Input records Block Start

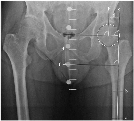 Plain anterior–posterior radiographs of the pelvis visualizing leg length and femoral offset measurements. Two parallel bisections of the femoral shaft (a, b) determined the longitudinal femoral shaft axis (c). Perpendicular to (c), the leg length (d) was measured between the femoral head centre (e) and the tip of the lesser trochanter (f). The femoral offset (g) was measured between the femoral head center (h) perpendicular to (c).
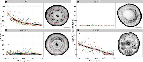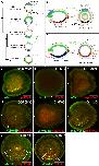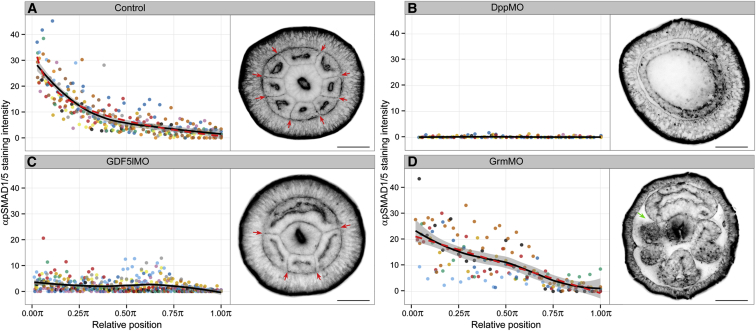 Figure 2. Effect of MO Knockdown on αpSMAD1/5 Staining Gradient and Morphology of Late Planulae(A–D) Nuclear αpSMAD1/5 staining intensity as a function of relative position of each endodermal nucleus along 180° arc from 0 to π starting at the middle of pSMAD1/5-positive domain (see the Supplemental Experimental Procedures and Figure S2A for details on measuring), described by measurements from multiple embryos (colored points) for Control (n = 12), GrmMO (n = 7), GDF5lMO (n = 10), and DppMO (n = 8). LOESS smoothed curves (black lines) with 99% confidence interval for the mean (shade), and linear model fit of the logarithm of relative position to pSMAD1/5 staining intensity (R2 = 0.73, dashed red line) for Control embryos and linear model fit of relative position to pSMAD1/5 staining intensity (R2 = 0.55, dashed red line) for GrmMO embryos. Oral views of corresponding StdMO, DppMO, GDF5lMO, and GrmMO late planulae stained with fluorescent phalloidin are shown next to the graphs (n > 55 for each sample). While StdMO planulae with normal nuclear pSMAD1/5 gradient develop eight mesenteries (red arrows in A), DppMO-injected planulae lacking the pSMAD1/5 gradient do not develop mesenteries at all (B). αpSMAD1/5 staining intensity is suppressed but not absent in the GDF5lMO planulae correlating with the formation of four mesenteries instead of eight (red arrows in C). In GrmMO-treated embryos (D), the average pSMAD1/5 staining intensity is elevated in mid-range positions (see also Figure S2C) and more variable than in Control embryos across the whole range (see also Figure S2D). The endoderm in GrmMO appears compartmentalized but its development is abnormal with extremely thickened mesogloea (green arrow). Scale bars represent 50 μm.See also Figure S2.
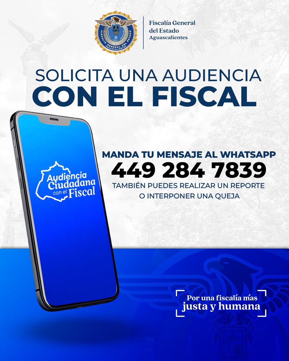 Se hace una atenta invitación a la ciudadanía para que se sume a estas audiencias públicas. Las personas interesadas podrán registrarse enviando un mensaje al número de WhatsApp 449 284 7839, incluyendo algunos datos personales. Una vez recibida la solicitud, se les confirmará la fecha en la que serán atendidas en el auditorio de la Vicefiscalía de Investigación del Delito.
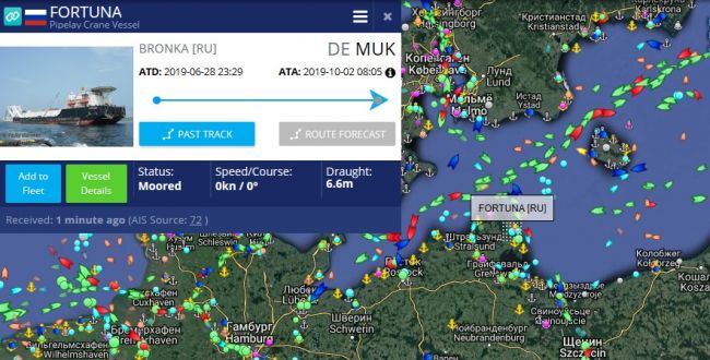 Также в Балтийском море размещается трубоукладочная баржа Fortuna АО «Межрегионтрубопроводстрой». C октября она размещается в немецком порту Мукран, откуда отгружают трубы для «Северного потока-2».
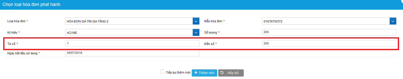 Khoảng từ số hóa đơn đến số hóa đơn theo hình dưới được gọi là dải hóa đơn:
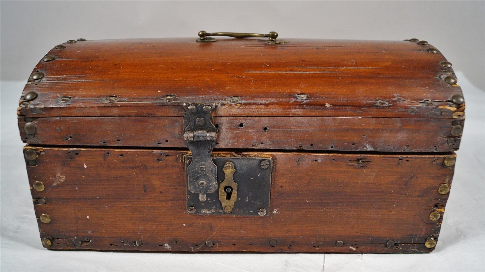 19th Century Wooden Document Chest Box Hand Sewn Paisley Interior
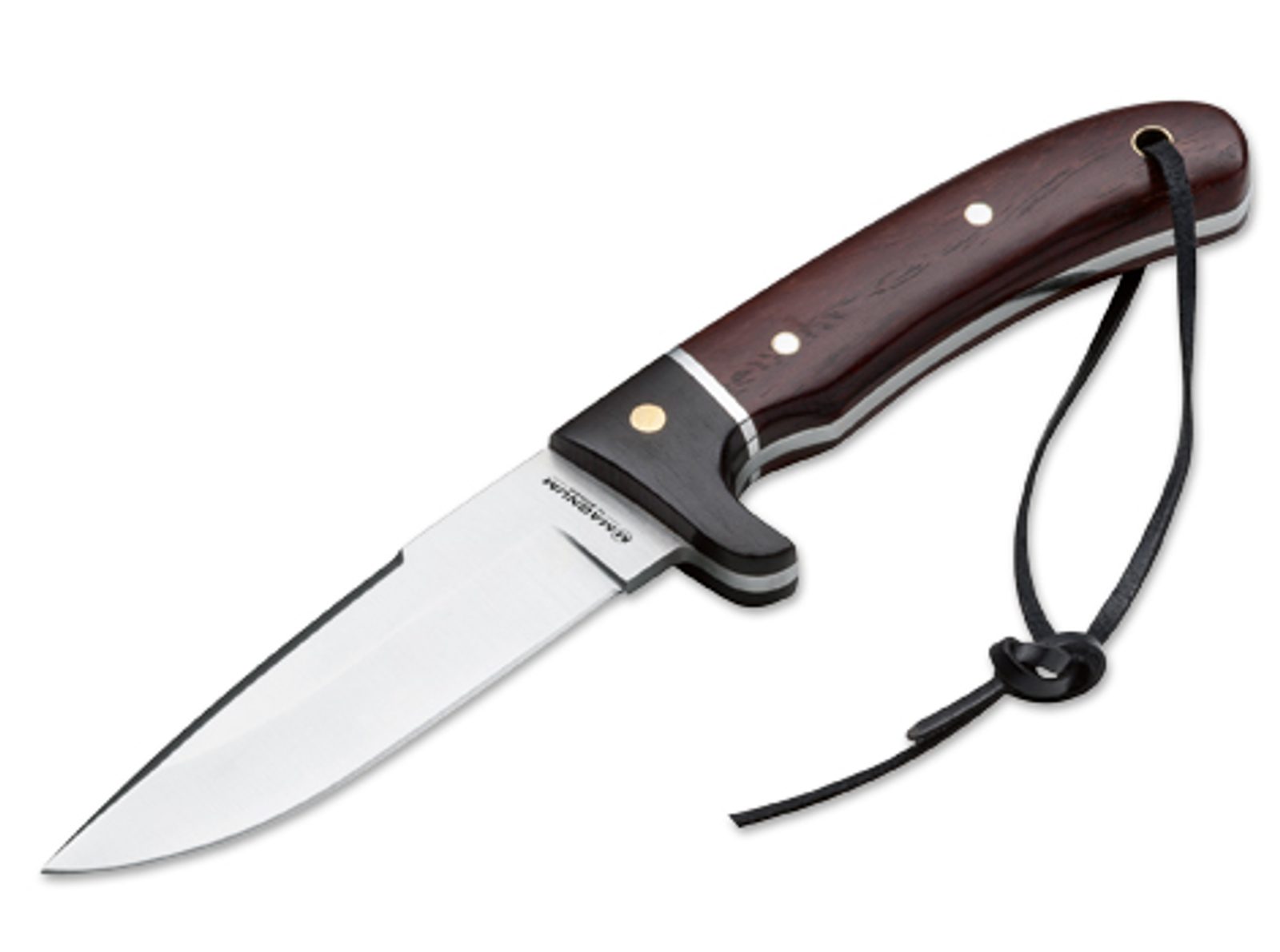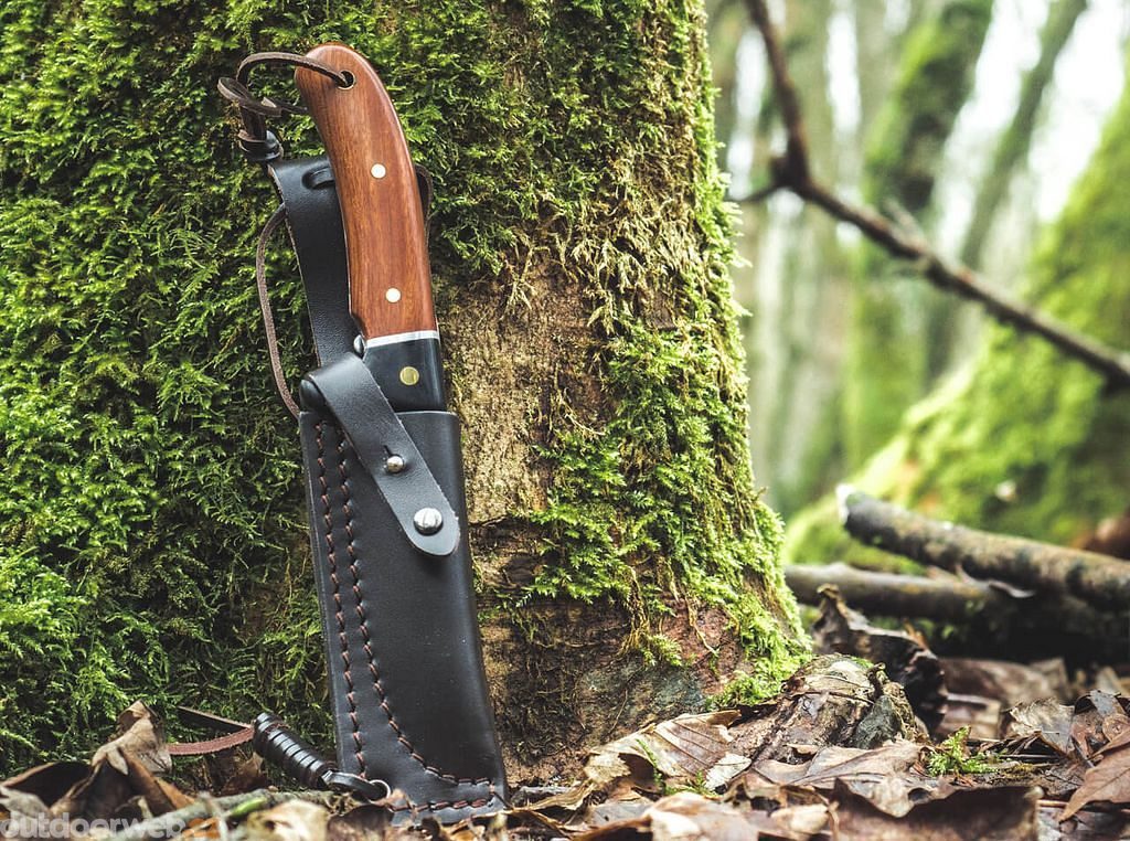 Satinovaná čepel z nerezové oceli 440A je jemně nabroušená. K tomuto krásnému noži patří propracované kožené pouzdro se zapínáním na cvok. S otvorem pro šňůru.
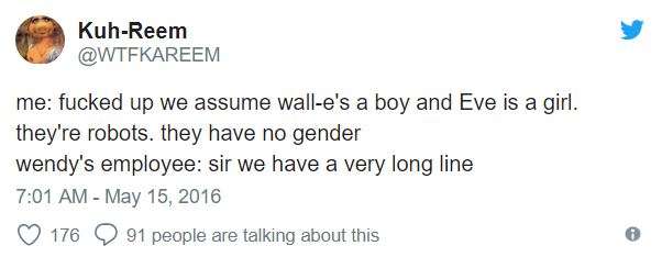 ▼「天啊,我假定瓦力是男生,伊芙是女生,但它們是機器人,應該是沒有性別的。結果速食店店員:『先生,後面還有很多人在等喔。』」
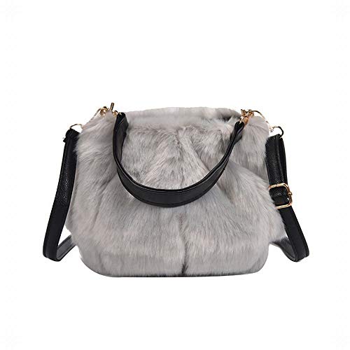 グレーのファーのバッグで、おしゃれです。取り外しのできる長さの変えられるショルダーがついていて、肩からかけられて持ち運びしやすいです。ハンドバッグにもなるので、おしゃれで便利です。
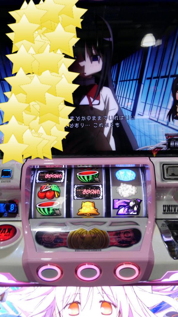 まどマギ2中チェ3(  ̄▽ ̄) こっちガン見してる店員さん写ったから加工w 中チェ4 写メ無いですが 鹿目家でまどかとママが歯磨きする演出で中チェ引いたんですが 中チェだなんて思って無く適当打ちで中チェ外しました(´・ω・`)BIG中斜め揃い(  ̄▽ ̄) んで最後にロンフリ(  ̄▽ ̄) こんな感じで生きてはいます(  ̄▽ ̄) またなんかありましたらサボらんよう投稿したいっすね! 写メだけでしたが最後までアリガトでした(・∀・)ノ
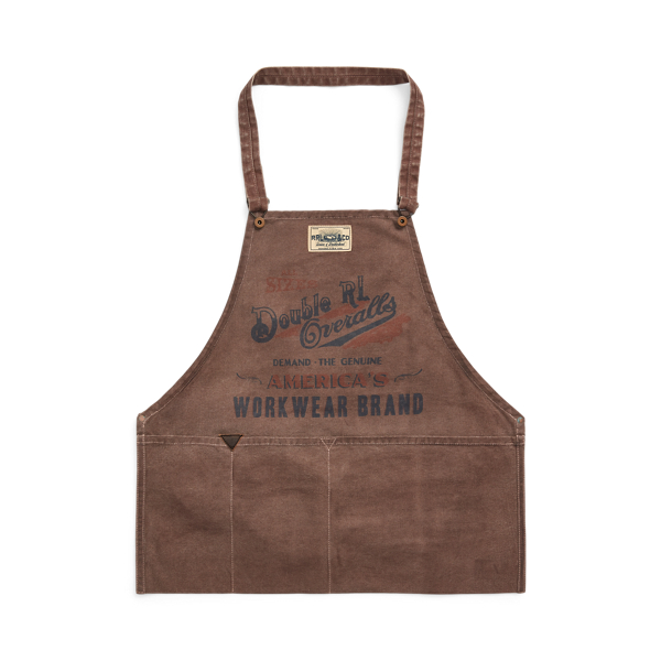 Made with workwear-inspired cotton canvas. Logo graphic printed on the front. Adjustable overall-strap construction with American-made, rust-finished metal buttons on the chest. Self-ties at the back of the waist. Leather triangular reinforcement on the front right pocket. Copper-tone rivets. Washed, tinted and distressed for a vintage look.
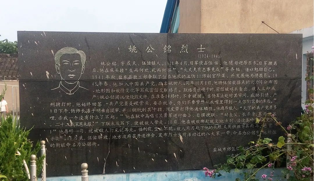 姚公铭烈士1924年9月出生,3岁丧父,母亲含辛茹苦经营“天喜堂”药房维持生计。1930年,姚公铭进入伍佑小学读书,后考入盐城亭湖中学,一年后因家贫辍学。1945年春,姚公铭入党,从事地下活动,探听敌伪情报。同年10月8日,姚公铭不幸被捕,他宁死不屈,10日就义时坚立不跪,被伪军残忍砍下头颅,铁丝穿两耳悬首示众,月底伍佑光复。
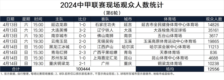 更加了不起的是,35161不仅仅是迄今为止中甲联赛的上座率纪录,更是在同中超联赛第六轮上座率的横向对比中“赢”得了头筹。数据显示,第六轮中超联赛最高到场观战人数由上海申花主场对阵北京国安的比赛达成,共计吸引了31941到场观战。而这场大连英博坐镇梭鱼湾迎战辽宁铁人的中甲联赛到场人次,超过了同时段中超联赛的最高上座率。35161人次,不仅霸榜中甲,更是冠绝本轮中国足球的三级职业联赛!

Input records Block End

§ **Problem to work on**: Quote the entries above word for word. Leave the images out.

§ **Answer to this task**:
 Plain anterior–posterior radiographs of the pelvis visualizing leg length and femoral offset measurements. Two parallel bisections of the femoral shaft (a, b) determined the longitudinal femoral shaft axis (c). Perpendicular to (c), the leg length (d) was measured between the femoral head centre (e) and the tip of the lesser trochanter (f). The femoral offset (g) was measured between the femoral head center (h) perpendicular to (c).
 Figure 2. Effect of MO Knockdown on αpSMAD1/5 Staining Gradient and Morphology of Late Planulae(A–D) Nuclear αpSMAD1/5 staining intensity as a function of relative position of each endodermal nucleus along 180° arc from 0 to π starting at the middle of pSMAD1/5-positive domain (see the Supplemental Experimental Procedures and Figure S2A for details on measuring), described by measurements from multiple embryos (colored points) for Control (n = 12), GrmMO (n = 7), GDF5lMO (n = 10), and DppMO (n = 8). LOESS smoothed curves (black lines) with 99% confidence interval for the mean (shade), and linear model fit of the logarithm of relative position to pSMAD1/5 staining intensity (R2 = 0.73, dashed red line) for Control embryos and linear model fit of relative position to pSMAD1/5 staining intensity (R2 = 0.55, dashed red line) for GrmMO embryos. Oral views of corresponding StdMO, DppMO, GDF5lMO, and GrmMO late planulae stained with fluorescent phalloidin are shown next to the graphs (n > 55 for each sample). While StdMO planulae with normal nuclear pSMAD1/5 gradient develop eight mesenteries (red arrows in A), DppMO-injected planulae lacking the pSMAD1/5 gradient do not develop mesenteries at all (B). αpSMAD1/5 staining intensity is suppressed but not absent in the GDF5lMO planulae correlating with the formation of four mesenteries instead of eight (red arrows in C). In GrmMO-treated embryos (D), the average pSMAD1/5 staining intensity is elevated in mid-range positions (see also Figure S2C) and more variable than in Control embryos across the whole range (see also Figure S2D). The endoderm in GrmMO appears compartmentalized but its development is abnormal with extremely thickened mesogloea (green arrow). Scale bars represent 50 μm.See also Figure S2.
 Se hace una atenta invitación a la ciudadanía para que se sume a estas audiencias públicas. Las personas interesadas podrán registrarse enviando un mensaje al número de WhatsApp 449 284 7839, incluyendo algunos datos personales. Una vez recibida la solicitud, se les confirmará la fecha en la que serán atendidas en el auditorio de la Vicefiscalía de Investigación del Delito.
 Также в Балтийском море размещается трубоукладочная баржа Fortuna АО «Межрегионтрубопроводстрой». C октября она размещается в немецком порту Мукран, откуда отгружают трубы для «Северного потока-2».
 Khoảng từ số hóa đơn đến số hóa đơn theo hình dưới được gọi là dải hóa đơn:
 19th Century Wooden Document Chest Box Hand Sewn Paisley Interior
 Satinovaná čepel z nerezové oceli 440A je jemně nabroušená. K tomuto krásnému noži patří propracované kožené pouzdro se zapínáním na cvok. S otvorem pro šňůru.
 ▼「天啊,我假定瓦力是男生,伊芙是女生,但它們是機器人,應該是沒有性別的。結果速食店店員:『先生,後面還有很多人在等喔。』」
 グレーのファーのバッグで、おしゃれです。取り外しのできる長さの変えられるショルダーがついていて、肩からかけられて持ち運びしやすいです。ハンドバッグにもなるので、おしゃれで便利です。
 まどマギ2中チェ3(  ̄▽ ̄) こっちガン見してる店員さん写ったから加工w 中チェ4 写メ無いですが 鹿目家でまどかとママが歯磨きする演出で中チェ引いたんですが 中チェだなんて思って無く適当打ちで中チェ外しました(´・ω・`)BIG中斜め揃い(  ̄▽ ̄) んで最後にロンフリ(  ̄▽ ̄) こんな感じで生きてはいます(  ̄▽ ̄) またなんかありましたらサボらんよう投稿したいっすね! 写メだけでしたが最後までアリガトでした(・∀・)ノ
 Made with workwear-inspired cotton canvas. Logo graphic printed on the front. Adjustable overall-strap construction with American-made, rust-finished metal buttons on the chest. Self-ties at the back of the waist. Leather triangular reinforcement on the front right pocket. Copper-tone rivets. Washed, tinted and distressed for a vintage look.
 姚公铭烈士1924年9月出生,3岁丧父,母亲含辛茹苦经营“天喜堂”药房维持生计。1930年,姚公铭进入伍佑小学读书,后考入盐城亭湖中学,一年后因家贫辍学。1945年春,姚公铭入党,从事地下活动,探听敌伪情报。同年10月8日,姚公铭不幸被捕,他宁死不屈,10日就义时坚立不跪,被伪军残忍砍下头颅,铁丝穿两耳悬首示众,月底伍佑光复。
 更加了不起的是,35161不仅仅是迄今为止中甲联赛的上座率纪录,更是在同中超联赛第六轮上座率的横向对比中“赢”得了头筹。数据显示,第六轮中超联赛最高到场观战人数由上海申花主场对阵北京国安的比赛达成,共计吸引了31941到场观战。而这场大连英博坐镇梭鱼湾迎战辽宁铁人的中甲联赛到场人次,超过了同时段中超联赛的最高上座率。35161人次,不仅霸榜中甲,更是冠绝本轮中国足球的三级职业联赛!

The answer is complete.